DATA:
##############################
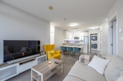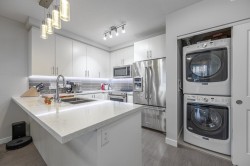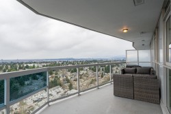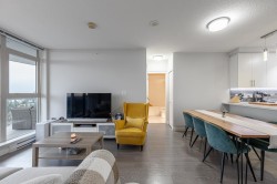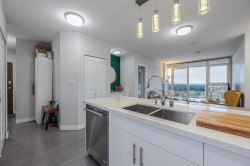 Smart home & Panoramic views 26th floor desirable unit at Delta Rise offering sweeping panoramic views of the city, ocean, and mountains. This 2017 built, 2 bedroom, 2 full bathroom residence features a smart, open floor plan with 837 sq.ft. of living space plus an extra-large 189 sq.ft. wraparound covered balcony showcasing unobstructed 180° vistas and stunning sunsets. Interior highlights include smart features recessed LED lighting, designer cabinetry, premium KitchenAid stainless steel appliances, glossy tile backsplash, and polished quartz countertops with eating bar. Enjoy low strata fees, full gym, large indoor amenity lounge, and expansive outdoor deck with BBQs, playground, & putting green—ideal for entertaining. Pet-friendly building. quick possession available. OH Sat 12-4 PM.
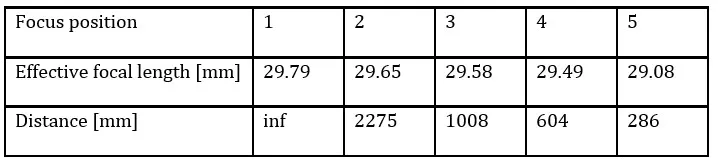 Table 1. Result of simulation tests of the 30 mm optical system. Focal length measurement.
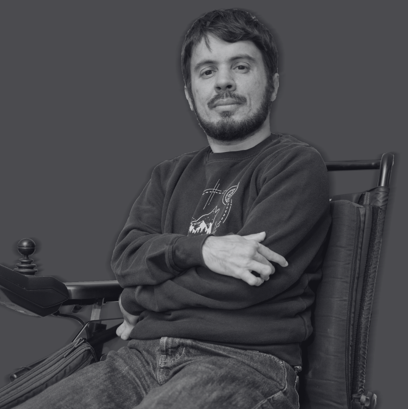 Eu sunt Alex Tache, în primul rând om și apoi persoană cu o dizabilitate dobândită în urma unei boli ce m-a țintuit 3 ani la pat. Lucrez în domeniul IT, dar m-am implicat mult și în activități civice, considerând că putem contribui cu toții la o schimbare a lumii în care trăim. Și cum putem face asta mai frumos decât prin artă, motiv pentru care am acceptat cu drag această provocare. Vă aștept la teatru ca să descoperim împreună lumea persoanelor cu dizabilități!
##############################
PROBLEM TO SOLVE:
Leave the pictures out and output exactly the lines above, from the start of the listing through the line with "Table 1. Result".

EXPECTED ANSWER:
 Smart home & Panoramic views 26th floor desirable unit at Delta Rise offering sweeping panoramic views of the city, ocean, and mountains. This 2017 built, 2 bedroom, 2 full bathroom residence features a smart, open floor plan with 837 sq.ft. of living space plus an extra-large 189 sq.ft. wraparound covered balcony showcasing unobstructed 180° vistas and stunning sunsets. Interior highlights include smart features recessed LED lighting, designer cabinetry, premium KitchenAid stainless steel appliances, glossy tile backsplash, and polished quartz countertops with eating bar. Enjoy low strata fees, full gym, large indoor amenity lounge, and expansive outdoor deck with BBQs, playground, & putting green—ideal for entertaining. Pet-friendly building. quick possession available. OH Sat 12-4 PM.
 Table 1. Result of simulation tests of the 30 mm optical system. Focal length measurement.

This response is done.